推測で清かそれ以前の時代に大陸を渡って西洋的な技法を伝えた人がいるぞいるぞと想像付いても、人物像が漠然としていたので、ド・ストライクな人物が判ってとても嬉しい。中国ってあんまり興味がわかなかったけど(いや、接点を何処にみつけてよくわからない)、アジアの文化全般捉える必要も少し感じていて、こういう人が判ったのが凄く嬉しい。
それにしてもジュゼッペ・カスティリオーネがイエスズ会の人というのも凄く納得、日本でも言えるけど、キリスト教の布教のために外人が来日した時、会った人たちはキリスト教に興味が無くても、美術に限らず、教養や軍事とかの技術を知りたくてキリスト教に入信した人も少なくなかったはず、そういうことを思うとイエスズ会のマトリックスは凄い文化だったんだなぁと思う。
更に、僕も不勉強で中野 美代子というジュゼッペ・カスティリオーネの研究家を知った。Giuseppe Castiglione関連の本も出ているようですが「綺想迷画大全」という本も出ているようで大変興味深い。
アマゾンのなか身検索を見よ!もくじにある「ギャロップする馬たち」の項目は、上でジュゼッペ・カスティリオーネとジェリコーの馬についての指摘に何か付け加えられたものにほぼ間違いないだろう。挿し絵に入れられた絵も相当面白そう。
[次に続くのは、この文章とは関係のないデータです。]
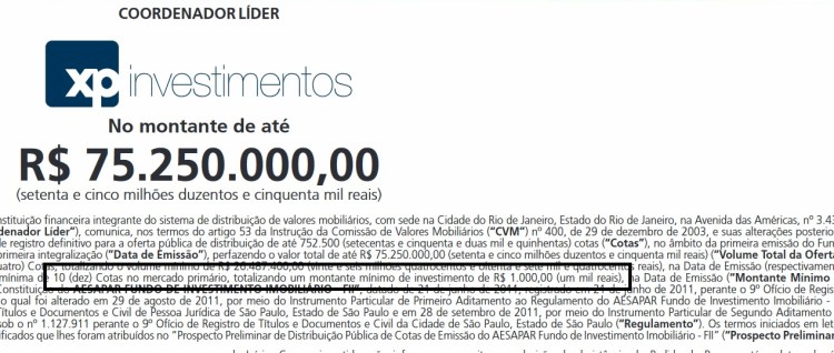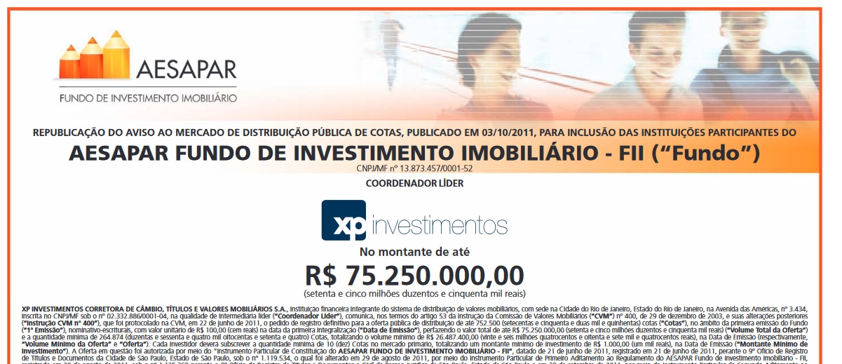 Por exemplo, temos no mercado, fundos que possuem cotas negociadas a partir dos R$ 1.000,00, ou até mais! Segue imagem da oferta pública do FII AEFI11:
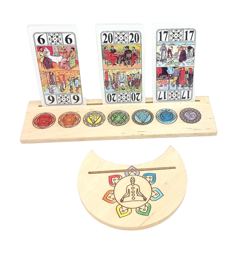 Комплект деревянных подставок под карты ТАРО, который мы предлагаем, содержит две разных подставки: одну для размещения одной карты ТАРО, а вторую для размещения трех карт ТАРО.
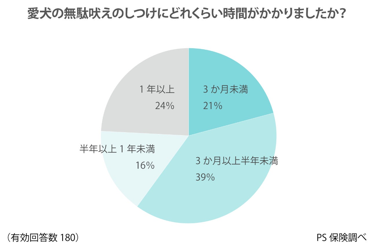 愛犬の吠える頻度が減ったという、しつけの効果が出るまでにかかった期間は「3か月以上半年未満」が最多でした(39%)。しかし、24%の飼い主は「1年以上」かかったと回答しており、辛抱強くじっくり取り組まなくてはならないケースもあるようです。
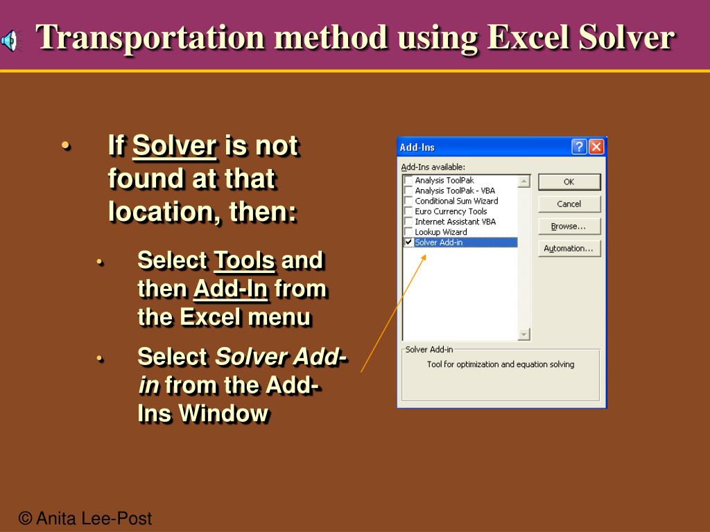 Transportation method using Excel Solver • If Solver is not found at that location, then: • Select Tools and then Add-In from the Excel menu • Select Solver Add-in from the Add-Ins Window
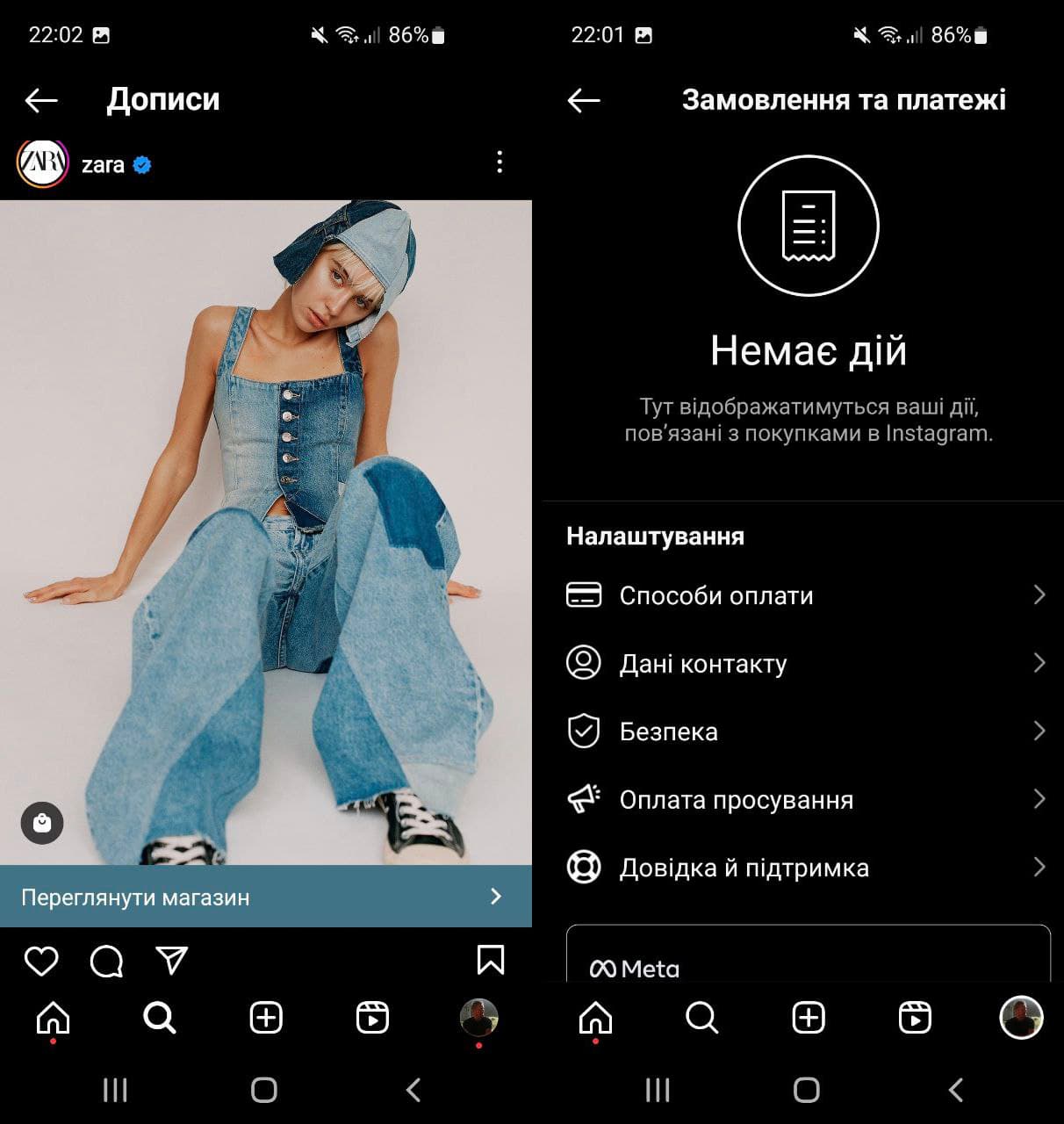 Последняя проблема украинский ритейл не затрагивает, ведь ограниченный доступ к новым функциям соцсетей давно стал нормой. Четыре года понадобилась компании Meta, чтобы позволить украинцам добавлять музыку в Stories из музыкальной библиотеки Instagram, два – чтобы предоставить доступ к Reels, а инструменты Instagram Shopping уже шестой год на этапе внедрения. Пока маркетологи США обсуждают, как лучше использовать Shopping Tags в Stories и Reels и тестируют функцию в директе, в Украине до сих пор даже не все пользователи могли заметить у себя появление раздела “Заказы и платежи” (см. скрин ниже). Так что вопрос, насколько украинские пользователи готовы делиться своей платежной информацией с соцсетями, проявится только со временем.
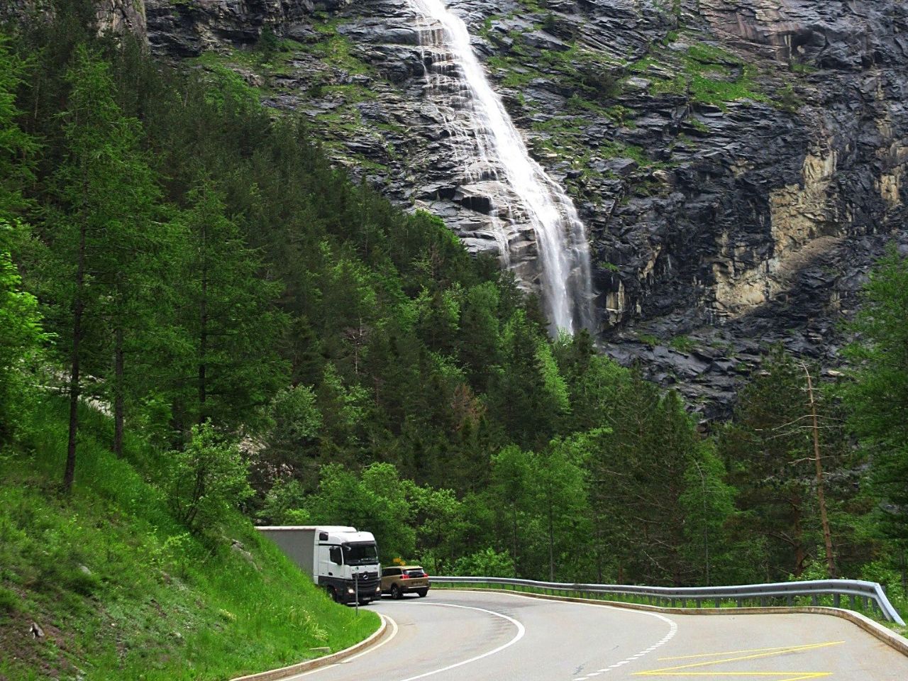 И вытекает эта Большая Вода как раз из того водохранилища, что питает водой местную гидроэлектростанцию, о которой было написано выше. Справа от водопада дорога уходила круто вверх, и там наверху я углядел мостик, из-под которого бил мощный поток. Взяло любопытство — надо ехать и рассмотреть ближе! Узкая дорога сразу закрутилась серпантином, периодически открывая виды на Доверию и Гондо под скалой.

「綺想」というと辻惟雄の「奇想の系譜」が日本美術のカウンター、アウトサイダーみたいな紹介が有名なものの、僕自身の日本美術史が危ういので良くわからないこと多く、辻惟雄のの本を見ると直感的におもうのはそういう技法は日本だけの技法でない、アジア全般の何かと関係或るってのは直ぐ想像付くモノの何だかよくわからなくて、そのようなよくわからないことのガイドになってるぽい。中野 美代子という人興味深い
辻惟雄-中野美代子-澁澤龍彦 ラインが見やすくなると思います(そうぞう)。